(EXERCISE REQUIREMENTS)
Restate the records that follow word for word; no pictures should appear.
----
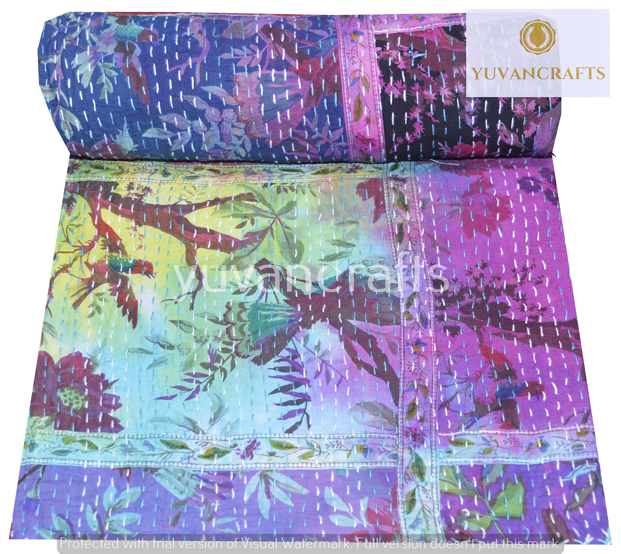 L'ensemble de la couette est brodé à la main avec un nombre final de points droits pour créer un produit unique, unique en son genre. Une belle création pour donner à votre maison un look coloré traditionnel mais authentique avec cette belle couverture ou couvre-lit Kantha qui peut également être utilisé comme couvre-lit Kantha tropical fait main. Cette pièce d'art est entièrement cousue à la main par des artisans du Rajasthan, en Inde. Couvre-lit Broderie Main Artisanat YUVANCRAFTS Couvre-lit Indien Vintage Patchwork Double En Coton Kantha Couverture Gudari Décoration Ethnique Tissage YUVANCRAFTS Couvre-lits: acheter en ligne. Top-Marques prix bas dernières tendances Yuvancrafts Colcha tradicional india Kantha pesada de algodón puro... Yuvancrafts Gudari Couvre-lit double en coton Kantha Imprimé floral indien
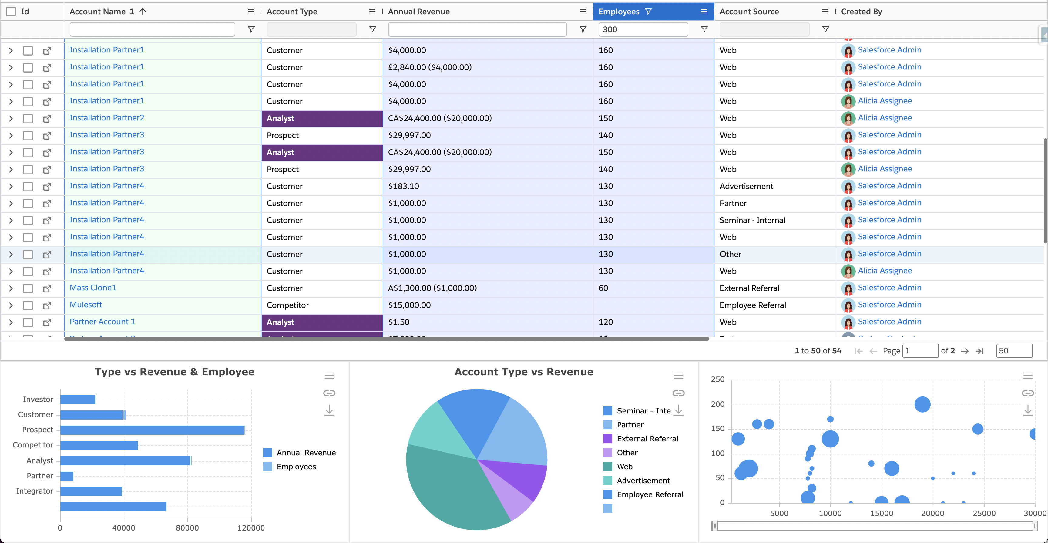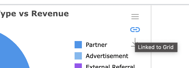 Charts are by default integrated with view changes (sorting, filtering), can be unlinked/linked from link icon in chart
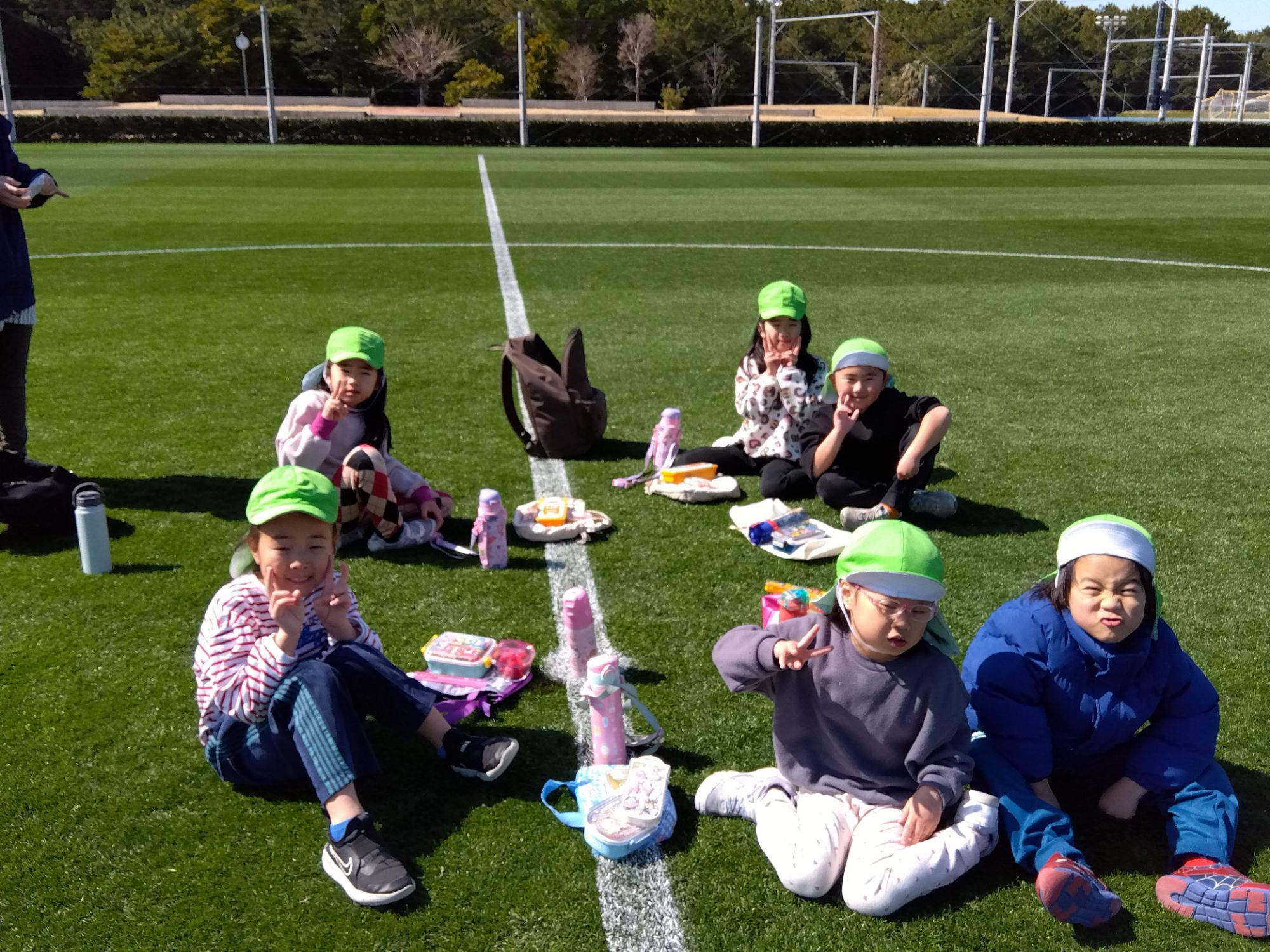 たくさん体を動かして遊んだ後には嬉しいお弁当🍱♪…の前にみんなでパシャリ📸
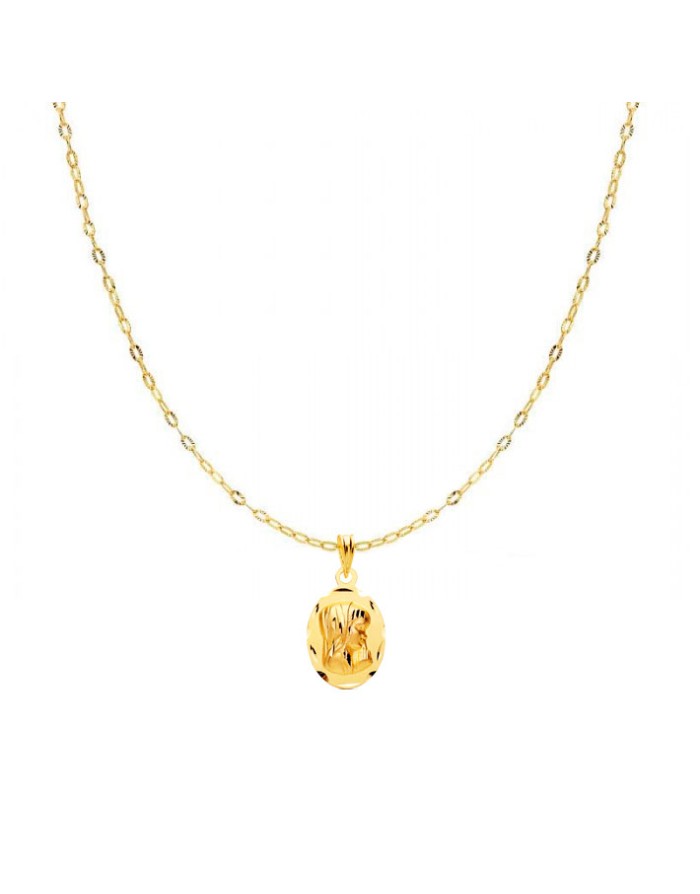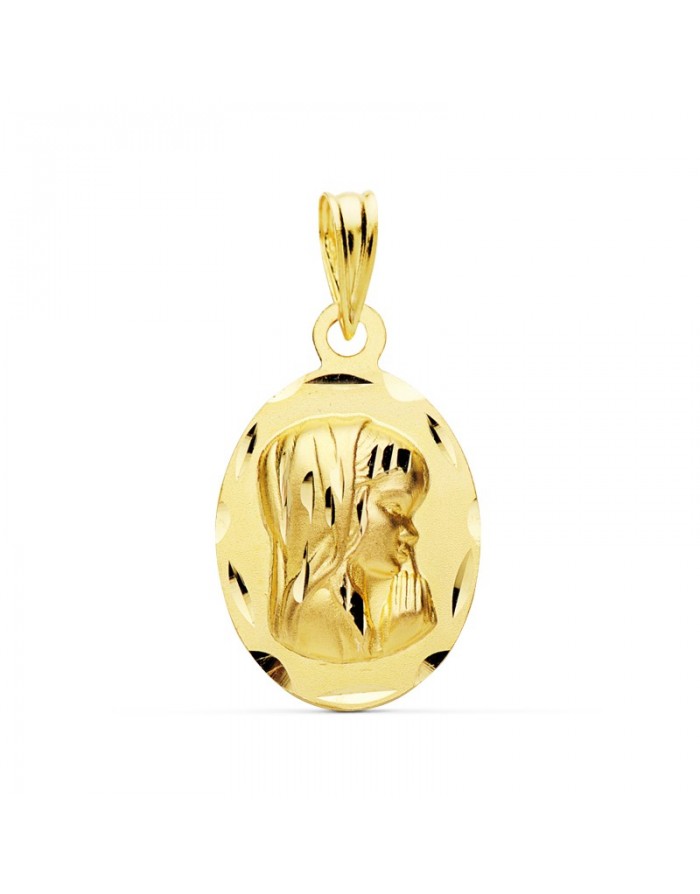 Medalla con la figura de La Virgen Niña y forma oval en Oro Amarillo de 18 kilates (750 milésimas) de la marca Joyas Armaan. La medalla tiene 19 mm. de alto y 12 mm. de ancho.
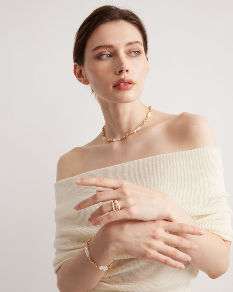 戒指的佩戴位置本身就具備修正視覺比例的效果。戴在食指時,能夠展現較強的存在感與俐落度;放在中指位置,則有穩定視覺重心、拉長手指線條的作用。而近幾年受到關注的「關節戒」,會戴在第一、第二指節之間,能夠打破傳統戒指集中在指根的單調感,為造型增添時髦層次。只要透過不同指節位置的靈活配置,就可以細微調整手部的視覺長度與寬度,達到自然修飾手型的效果。
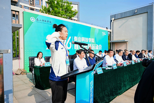 4月23日,泰山科技学院2026年春季田径运动会在学校田径运动场开幕。校长耿献文,党委书记李文喜,常务副校长谢承红,副校长智英斌、丁海奎、曾广晟,校长助理解嵘、武浩然,山口镇教育党委委员、山口镇中心小学书记校长张继溪,山东省委教育工委派驻学校党建工作指导员陈兴明、吴彩云,五汶书院名誉院长王冬妮,学校各职能部门、各学院书院负责人以及裁判员代表、学生运动员代表出席开幕式。
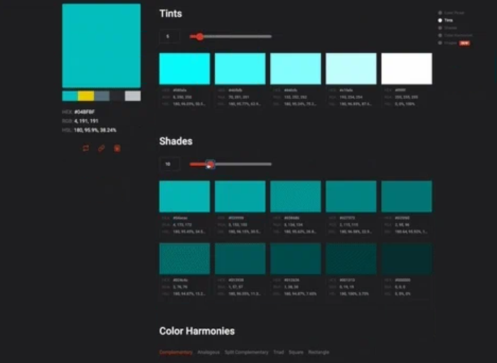 원하는 색상을 선택하면 단색 흰색을 섞은 색 "틴트 (영어 : Tint) '와 단색 검정을 섞은 색"쉐이드 (영어 : Shade)'을 단계적으로 생성 할 수있는 도구입니다.
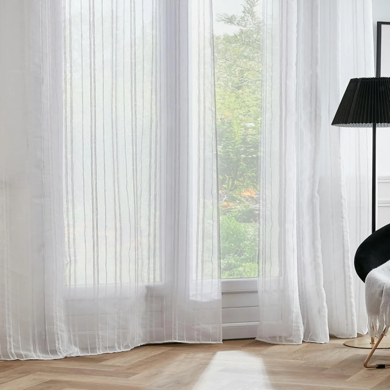 Imprimé : voilage jacquard à motif tissé.
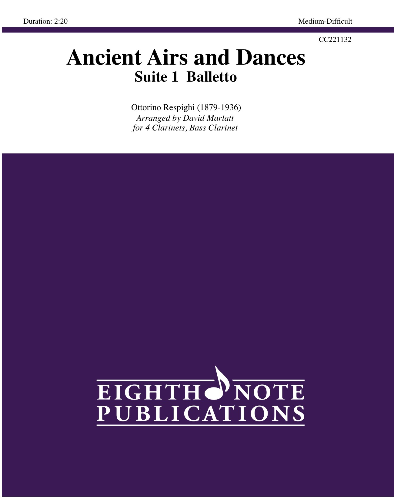 This famous orchestral piece is now available for an all clarinet ensemble. Respighi took 17th century lute pieces and arranged them to exploit the colors available to the modern orchestra. This is the first movement of the first suite. The melody flows throughout the ensemble with most parts getting sections to lead. A great piece of chamber music on a concert or recital. |
----
(TASK RESULT)
 L'ensemble de la couette est brodé à la main avec un nombre final de points droits pour créer un produit unique, unique en son genre. Une belle création pour donner à votre maison un look coloré traditionnel mais authentique avec cette belle couverture ou couvre-lit Kantha qui peut également être utilisé comme couvre-lit Kantha tropical fait main. Cette pièce d'art est entièrement cousue à la main par des artisans du Rajasthan, en Inde. Couvre-lit Broderie Main Artisanat YUVANCRAFTS Couvre-lit Indien Vintage Patchwork Double En Coton Kantha Couverture Gudari Décoration Ethnique Tissage YUVANCRAFTS Couvre-lits: acheter en ligne. Top-Marques prix bas dernières tendances Yuvancrafts Colcha tradicional india Kantha pesada de algodón puro... Yuvancrafts Gudari Couvre-lit double en coton Kantha Imprimé floral indien
 Charts are by default integrated with view changes (sorting, filtering), can be unlinked/linked from link icon in chart
 たくさん体を動かして遊んだ後には嬉しいお弁当🍱♪…の前にみんなでパシャリ📸
 Medalla con la figura de La Virgen Niña y forma oval en Oro Amarillo de 18 kilates (750 milésimas) de la marca Joyas Armaan. La medalla tiene 19 mm. de alto y 12 mm. de ancho.
 戒指的佩戴位置本身就具備修正視覺比例的效果。戴在食指時,能夠展現較強的存在感與俐落度;放在中指位置,則有穩定視覺重心、拉長手指線條的作用。而近幾年受到關注的「關節戒」,會戴在第一、第二指節之間,能夠打破傳統戒指集中在指根的單調感,為造型增添時髦層次。只要透過不同指節位置的靈活配置,就可以細微調整手部的視覺長度與寬度,達到自然修飾手型的效果。
 4月23日,泰山科技学院2026年春季田径运动会在学校田径运动场开幕。校长耿献文,党委书记李文喜,常务副校长谢承红,副校长智英斌、丁海奎、曾广晟,校长助理解嵘、武浩然,山口镇教育党委委员、山口镇中心小学书记校长张继溪,山东省委教育工委派驻学校党建工作指导员陈兴明、吴彩云,五汶书院名誉院长王冬妮,学校各职能部门、各学院书院负责人以及裁判员代表、学生运动员代表出席开幕式。
 원하는 색상을 선택하면 단색 흰색을 섞은 색 "틴트 (영어 : Tint) '와 단색 검정을 섞은 색"쉐이드 (영어 : Shade)'을 단계적으로 생성 할 수있는 도구입니다.
 Imprimé : voilage jacquard à motif tissé.
 This famous orchestral piece is now available for an all clarinet ensemble. Respighi took 17th century lute pieces and arranged them to exploit the colors available to the modern orchestra. This is the first movement of the first suite. The melody flows throughout the ensemble with most parts getting sections to lead. A great piece of chamber music on a concert or recital. |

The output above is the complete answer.